Pero Ricardito Blanco era demasiado vivo como para no hacerse el tonto. ¿Qué mierda sabía él de literatura y de libros? Nada. Lástima ese título tan guapo: Asesinato en familia, que se le había regalado enterito el Maestro en sus borracheras. ¿O sino Incesto y crimen o Todos en la misma cama? No, no, no. Asesinato en familia. Divino, divino. Y pensar que no lo escribiría jamás por falta de huevos y de corazón. El estaba seguro que el Procónsul, sin embargo, no tenía que ver con aquel atolladero de mierda en el que lo querían meter. No, ni mierda, nada que ver. Eran cosas de Siete Puñales y de su viceministro de Seguridad. A la puta, sin duda. Eran cosas del Gato López y de su amigo, el Panameño. El Procónsul tenía las manos limpias. Qué lástima. Pero por lo que potis había dejado aquellas versiones bien grabaditas en su estudio privado, en videocasete. Por lo que potis, por si las moscas, por si aca... Tan bonito título y nunca lo iba a escribir, él, que era un gacetillero nato. Nato e innato. Un culiador nato. Por delante y por detrás, por derecho y por revés.
Pero esta noche el Colegio de Periodistas, la Presidencia de la República y el Ministerio de Cultura lo homenajearían con el premio nacional de periodismo.

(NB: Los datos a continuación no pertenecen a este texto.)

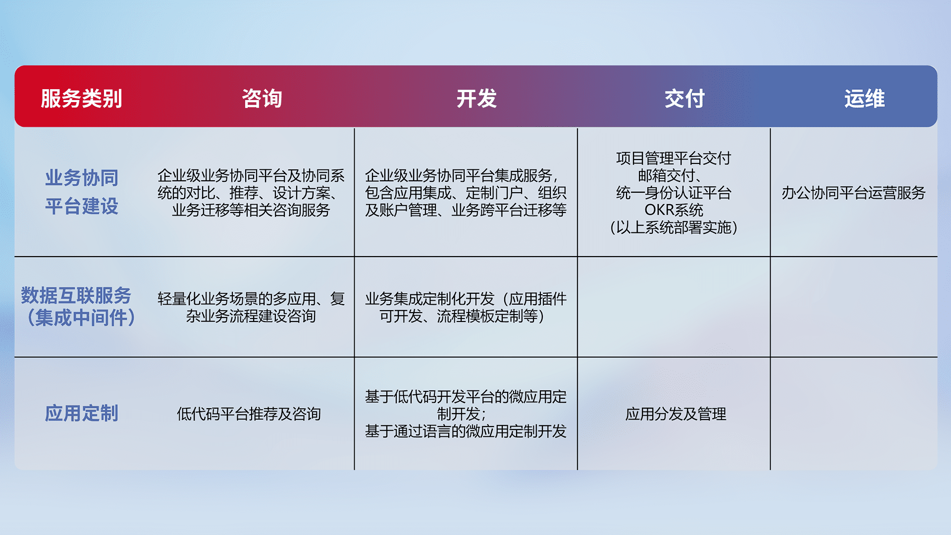 针对钉钉、、企微、、IDaas等平台级产品提供产品的规划、、、方案、、、、交付、、定制化开发等服务,,实现如统一协同办公、、智能客户服务、、混合会议管理、、、、智能数据查询、、等业务场景,,,,实现数字化转型。。。

Desde que empezó a estudiar –para ser gacetillero– pensó en ganarlo. Más bien pensaba, con esa soterrada soberbia que emergía de su interior, que la decisión se había postergado excesivamente y seguro que por razones políticas. Ya había ganado varios premios e incluso el del “sacro colegio de gacetilleros” y uno de la Sociedad Interamericana de Prensa (SIP) por sus crónicas juveniles. Pero no tenía la medalla al mejor periodista del año, sino hasta ahora.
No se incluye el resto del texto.